BEBEK VE ÇOCUKLARDA YÜKSEK ATEŞ

                                 Öncelikle belirteyim ki,ateş vücudumuzun savunma mekanizmalarından biridir.Vücut, ısısını yükselterek mikropları yakmaya ve yok etmeye çalışır.Enfeksiyon ne kadar şiddetliyse,ateş de o kadar yükselir.Vücut ısısının bu şekilde artması erişkinlerde bir sorun oluşturmazken,bebekler için tehlikeli olabilir.Bebekler yüksek ateşin beyin üzerindeki etkileri nedeniyle havale-nöbet geçirebilirler.Tek sefer geçirilmiş nöbet çok önemli olmamakla birlikte takibe alınmalıdır,nöbet tekrarı halinde mutlaka hekime baş vurulmalıdır.Üç kez nöbet geçirmiş bir bebek epilepsi-sara hastası gibi kabul edilip o şekilde takibe alınır.Beş yaşını doldurduktan itibaren ise ateşe bağlı havale gelişmez çocuklarda.Ancak zaten epilepsi hastasıysa ateş sırasında nöbet geçirebilirler.Yani çocuğunuz beş yaşını doldurduktan sonra ateşlendiğinde havale geçirir mi diye korkmanıza gerek kalmaz.

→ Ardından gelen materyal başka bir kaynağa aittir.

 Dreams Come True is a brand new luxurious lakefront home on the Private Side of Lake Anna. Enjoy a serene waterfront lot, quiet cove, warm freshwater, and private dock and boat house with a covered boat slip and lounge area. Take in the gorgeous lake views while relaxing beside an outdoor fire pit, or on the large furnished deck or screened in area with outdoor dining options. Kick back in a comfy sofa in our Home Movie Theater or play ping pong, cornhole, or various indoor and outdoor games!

                                 İbuprofen ( Pedifen,İbufen,Dolven ) ,1 yaşını doldurmuş çocuklarda güvenle kullanabileceğimiz hatta parasetamollerden daha masum bir etken maddedir.Parasetemolün gerektirdiği kadar sık dozlama istemez ,etkisi daha uzun sürer,bu yüzden de vücuda vereceği hasar daha az olur.Ancak 1 yaş altı için uygun değildir.İbuprofen sekiz saatlik aralıklarla günde üç kez verilebilinir.En erken doz aralığı altı saat olarak uygulanabilir.Bu arada ateş tekrarlarsa ve ılık uygulama işe yaramazsa parasetamol ( Vermidon,Minoset,Tylol,Calpol ) verilebilir.Parasetamol altı saatlik aralıklarla uygulanır.Emniyet marjı düşük bir ilaç olduğu için dozlamaya çok dikkat edilmelidir.Aşırı dozda karaciğer hasarı yapabilir.Aşırı doz derken,altı saatlik aralıklardan daha kısa sürede ve günde dört dozdan daha fazla dozda verilmesini kast ediyorum.

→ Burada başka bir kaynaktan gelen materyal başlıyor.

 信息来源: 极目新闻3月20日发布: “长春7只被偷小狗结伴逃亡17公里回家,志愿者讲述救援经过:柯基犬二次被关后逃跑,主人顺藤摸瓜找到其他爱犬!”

                                 Titremeyle gelen ateş genelde enfeksiyon belirtisidir ve etken çoğunlukla bakteriyeldir.Ancak bazı viral hastalıklarda da olabilir.Çocukta pis bir ağız kokusu varsa bakteri düşünülmelidir.Hekime başvurmada kılavuz olabilir.Titreme vücudun kendisini ısıtma çabasıdır aslında.Yüksek ateşte çocuğun elleri ve ayakları buz gibidir.Vücut bu noktaları ısıtmaya çalışır ve titreme mekanizması harekete geçer.Tıpkı üşüdüğümüzde titrememiz gibi.

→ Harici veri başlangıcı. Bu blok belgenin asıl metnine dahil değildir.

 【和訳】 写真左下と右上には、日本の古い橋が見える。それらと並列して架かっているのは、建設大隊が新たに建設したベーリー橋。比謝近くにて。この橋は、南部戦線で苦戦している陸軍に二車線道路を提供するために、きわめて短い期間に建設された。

Yüksek ateşte soğuk uygulama yapılması bilinenin ve tavsiye edilenin aksine hatalı ve tehlikelidir.Yukarıda anlattığım mekanizma nedeniyle vücut kendini ısıtma çabalarına devam edecektir,bu nedenle siz soğuttukça vücut ısıtmaya çalışacaktır.Yapılacak en doğru şey öncelikle ılık ama sıcağa yakın ılık su ile 15-20 dakikalık bir banyo yaptırmak olacaktır.Banyo sırasında baş da ılık suyla ıslatılmalıdır.Bebek ve çocuklarda en çok ısı kaybı baş bölgesinden olur,bu yüzden ateş sırasında başı  ılık suyla yıkamak ateşin düşmesini hızlandıracaktır.Banyo  sonrası ,hafifçe oğuşturularak  güzel bir kurulama yapılmalıdır,böylelikle cilt altı kanlanması hızlanacak ve vücut ısındığına kanaat getirecektir.Ayaklar mutlaka sıcak tutulmalıdır keza eller de öyle.Ayaklar ve eller ısındıkça ateş düşecektir.Çünkü vücut bu uç noktaları ısıtmaya çalışmaktan vazgeçecektir.Çocuğa hafif bir şeyler giydirilmeli ve asla çıplak bırakılmamalıdır.Nedeni hep aynı,vücuda üşüdüğü uyarısını göndermemek.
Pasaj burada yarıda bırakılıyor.